3. Lock Expiration and Zombie Processes
We set a TTL on the PROCESSING lock (lockTTL). What if the business logic legitimately takes longer than this TTL? The lock will expire, and another consumer may pick up the same message, leading to concurrent processing.
* Solution 1 (Simple): Tune the TTL. The easiest fix is to set a generous TTL that is well above your 99th percentile processing time (e.g., if most messages take 1 second, set the TTL to 5 minutes). This is a trade-off: a long TTL means a crashed consumer will hold a lock for longer, increasing message latency.
* Solution 2 (Complex): Heartbeating. The consumer processing the message can run a background goroutine that periodically updates the TTL of its PROCESSING lock (e.g., EXPIRE key 300). This adds significant complexity to your consumer logic (managing goroutines, handling context cancellation) but creates the most robust system for long-running jobs.
Alternative Approaches and Their Trade-offs
1. Database-Level Idempotency
You can use your primary transactional database (e.g., PostgreSQL) to store idempotency records.
CREATE TABLE processed_events (
event_id UUID PRIMARY KEY,
inserted_at TIMESTAMPTZ NOT NULL DEFAULT NOW()
);
The consumer logic becomes:
func handleWithDatabase(tx *sql.Tx, eventId string) error {
// This will fail with a primary key constraint violation if the eventId already exists.
_, err := tx.ExecContext(ctx, "INSERT INTO processed_events (event_id) VALUES ($1)", eventId)
if err != nil {
return err // Already processed or other DB error
}
// ... execute business logic within the same transaction ...
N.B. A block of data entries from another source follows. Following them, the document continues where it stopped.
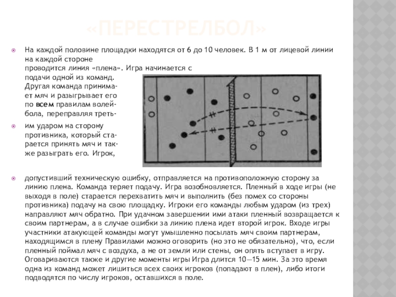 допустивший техническую ошибку, отправляется на противоположную сторону за линию плена. Команда теряет подачу. Игра возобновляется. Пленный в ходе игры (не выходя в поле) старается перехватить мяч и выполнить (без помех со стороны противника) подачу на свою площадку. Игроки его команды любым ударом (из трех) направляют мяч обратно. При удачном завершении ими атаки пленный возвращается к своим партнерам, а в случае ошибки за линию плена идет второй игрок. Входе игры участники атакующей команды могут умышленно посылать мяч своим партнерам, находящимся в плену Правилами можно оговорить (но это не обязательно), что, если пленный поймал мяч с воздуха, а не от земли или стены, он опять вступает в игру. Оговариваются также и другие моменты игры Игра длится 10—15 мин. За это время одна из команд может лишиться всех своих игроков (попадают в плен), либо итоги подводятся по числу игроков, оставшихся в поле.
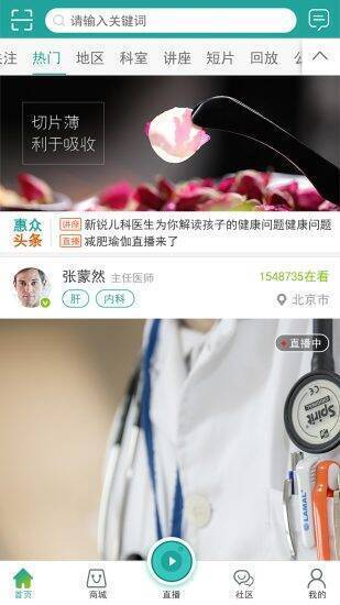 大医惠众APP专注健康行业,为广大用户提供健康知识学习资源和公益短片,同时为病人提供咨询和讲座服务。
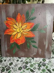 今日は思う様な色味が出ない💦😂為か心までがパッとしません😭原因は後で判明しました。お花🌼を先にやる時に白で先に塗るべきでした💦👍🤪まだまだ未熟者ですが、サインボード作りは本当に楽しい時間ですね👍コウモリ講師、かめさん、まさちんさん🥰大変お疲れ様でした。ありがとうございました😊また〜ね😘
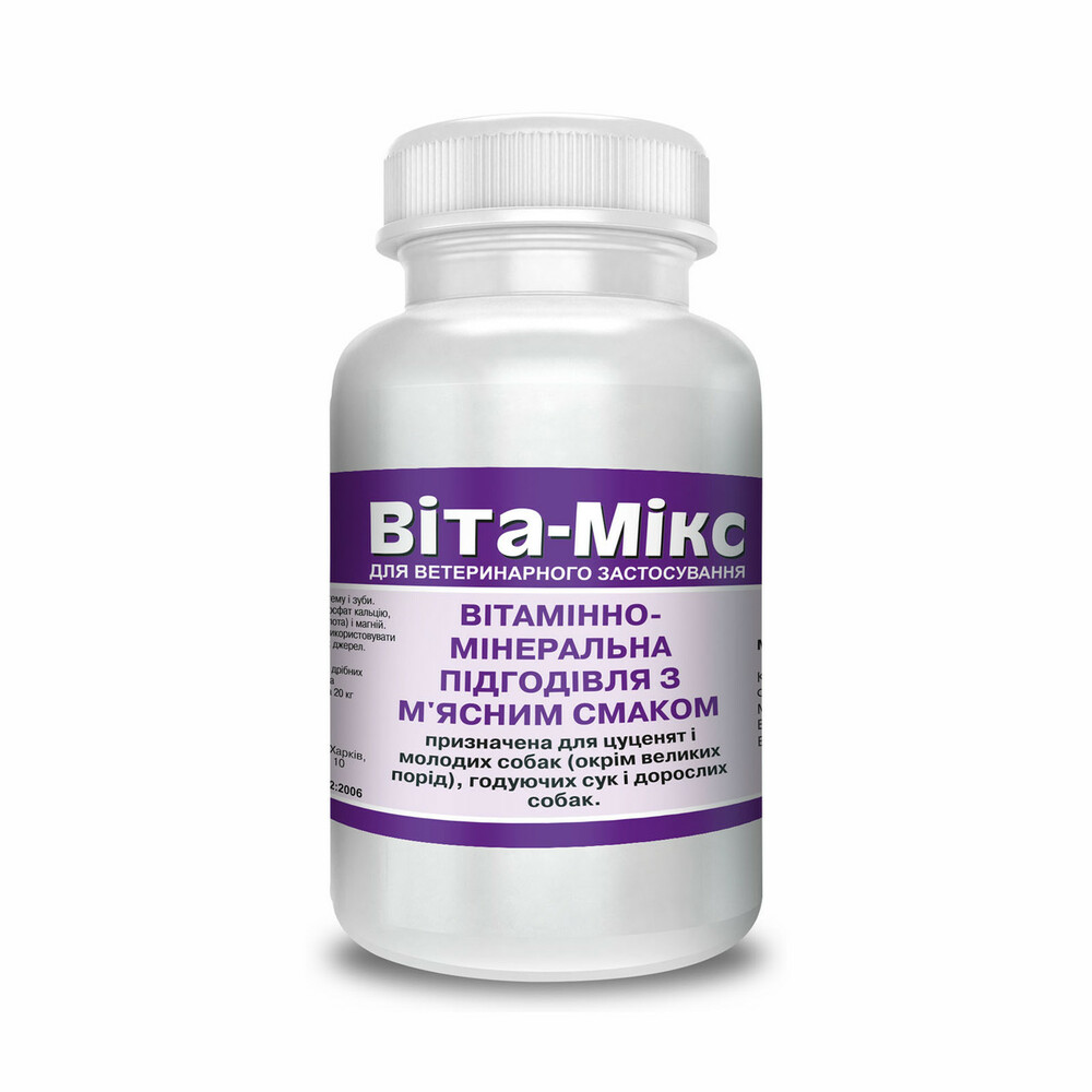 Вітамінно-мінеральна підгодівля з м'ясним смаком «Віта-Мікс» (фіолетовий) рекомендована для щоденного доповнення кормового раціону собак вітамінами і мінералами.
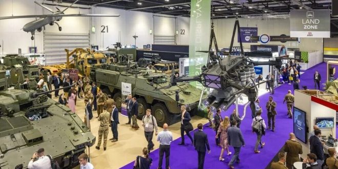 نمایشگاه DSEI هر دو سال یکبار در لندن برگزار میشود و یکی از بزرگترین گردهماییهای جهانی صنایع تسلیحاتی به شمار میآید.
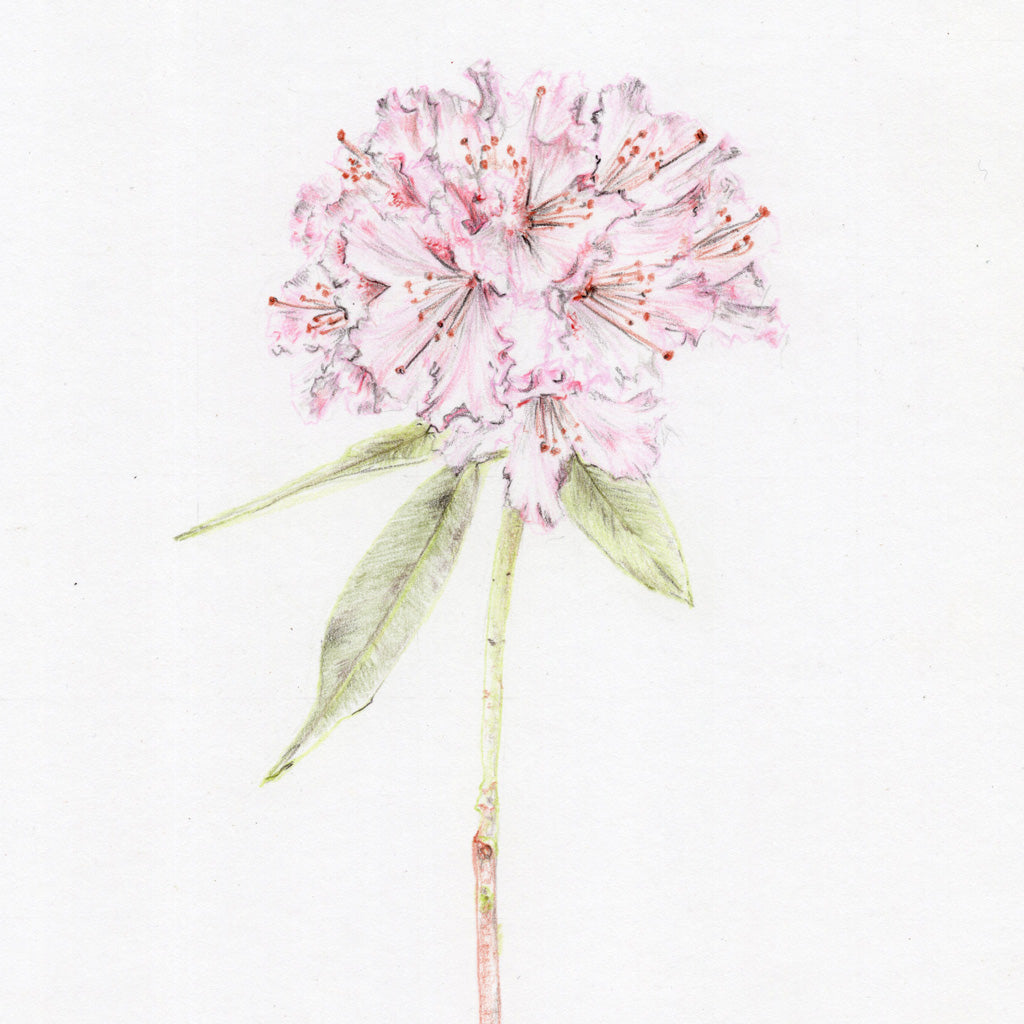 Original pencil drawing of a Rhododendron, this drawing is from the 100 Days of Flowers projected completed in 2015.
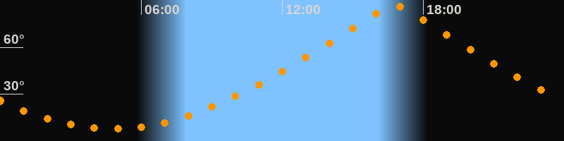 | Höchster Stand (Kulmination) | 16:46 Uhr (h = 86,4°) |
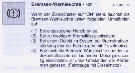 hab seit Freitag ein kleines Problem: Und zwar leuchtet einfach die Handbremse- Kontrollleuchte auf obwohl die Handbremse nicht angezogen ist! Manchmal hörts wieder auf zu leuchten , dann leuchtets wieder! Komischer Weise leuchtet sie garnicht wenn ich nach links lenke !
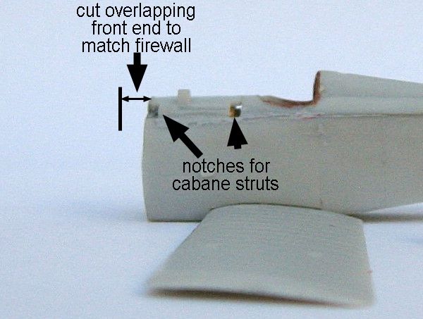 Don't despair yet! The solution is simple, but requires a bit of surgery: cut that pesky surplus length off the front of this piece. Then carefully notch each front corner with a sharp blade, where the front cabane strut roots will sit later. Remember: the struts sit directly over the firewall, so there's not difficult to place the notches correctly.
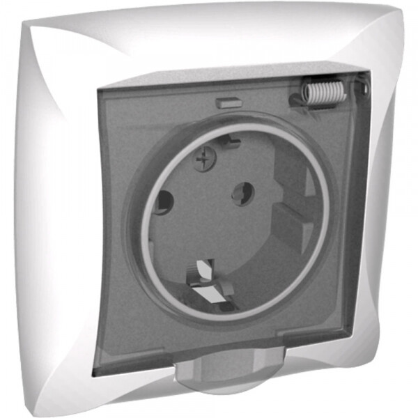 РОЗЕТКА С З/К СО ШТОРКАМИ С КРЫШКОЙ IP44, БЕЛЫЙ

return nil // Commit happens outside this function
}
* Pros: Perfect atomicity. The check for the event and the business logic commit happen within a single database transaction. It's simpler to reason about.
* Cons:
* Performance: Puts significant write load on your primary database, which is often the most expensive and hardest-to-scale part of your infrastructure. Contention on the processed_events table can become a bottleneck.
* Separation of Concerns: Couples your message processing infrastructure logic with your business domain data.
* Not suitable for non-DB logic: If your "business logic" involves calling a third-party API, you cannot roll back that API call if the INSERT fails, breaking the atomicity guarantee.
2. Kafka Streams Exactly-Once Semantics (EOS)
Kafka Streams offers EOS, but it's crucial to understand its scope. EOS in Kafka works by using a transactional producer that coordinates with the consumer group coordinator. When a stream application reads from a source topic, processes the data, and writes to a sink topic, the entire operation (read-process-write) is committed as a single atomic transaction.
* When to use it: It is the perfect solution for Kafka-to-Kafka transformations (e.g., filtering, aggregation, enrichment where the result is another Kafka topic).
* Where it falls short: The moment you need to interact with an external system—like writing to a PostgreSQL database, calling a REST API, or sending an email—you break out of the Kafka transactional boundary. The write to the external system and the commit of the consumer offset are not atomic. You are back to an at-least-once scenario, and the Redis-based idempotency pattern described here becomes necessary once again.
Conclusion
For event-driven services that must interact with external systems, consumer-side idempotency is not an optional feature; it is a fundamental requirement for correctness. While naive approaches are simple to implement, they contain subtle but critical flaws that can lead to data loss or corruption in production.
The stateful idempotency pattern using Redis provides a robust, scalable, and performant solution. By treating message processing as a state machine (ACQUIRING, PROCESSING, COMPLETED) and leveraging atomic Redis operations via Lua scripting, we can build consumers that are resilient to crashes, retries, and concurrent execution. While it introduces an additional dependency (Redis) and requires careful handling of edge cases like poison pills and lock expiration, this pattern offers a powerful balance of safety and performance, making it a cornerstone of modern, high-throughput event-sourcing architectures.